Im Laufe der Jahrhunderte hat die Erfahrung dieser Schwestern, die auf den Herrn als die erste und einzige Liebe (vgl. Hos 2,21-25) ausgerichtet war, eine Fülle an Früchten der Heiligkeit und der Mission hervorgebracht. Wieviel apostolische Wirkkraft wird von den Klöstern ausgestrahlt durch das Gebet und das Opfer! Wieviel Freude und Prophetie ruft das Schweigen der Klöster der Welt zu! Für die Früchte an Heiligkeit und Gnade, die der Herr von jeher durch das Klosterleben der Frauen hervorgerufen hat, lassen wir zum „höchsten, allmächtigen und guten Herrn“ unseren Dankeshymnus aufsteigen: » Laudato si’ «.

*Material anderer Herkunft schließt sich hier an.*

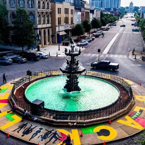 Court Square Fountain was built in 1885 in the area that had been the center of Montgomery’s slave trade prior to the Civil War. In June of 2020, a “Black Lives Matter” mural was painted around the fountain. Throughout the summer of 2020, the nation saw an uptake in public activism in response to the death of George Floyd and others at the hands of the police. The mural was completed on Juneteenth.

Liebe kontemplative Schwestern, was würde ohne euch aus der Kirche und aus all denen, die in den Randgebieten der Menschheit leben und an den Vorposten der Evangelisierung arbeiten? Die Kirche weiß euer Leben der Ganzhingabe sehr zu schätzen. Die Kirche verlässt sich auf euer Gebet und auf euer Opfer, um den Menschen unserer Zeit die frohe Botschaft des Evangeliums zu bringen. Die Kirche braucht euch!

(Papst Franziskus, VULTUM DEI QUAERERE, Auszug, Rom, 29. Juni 2016)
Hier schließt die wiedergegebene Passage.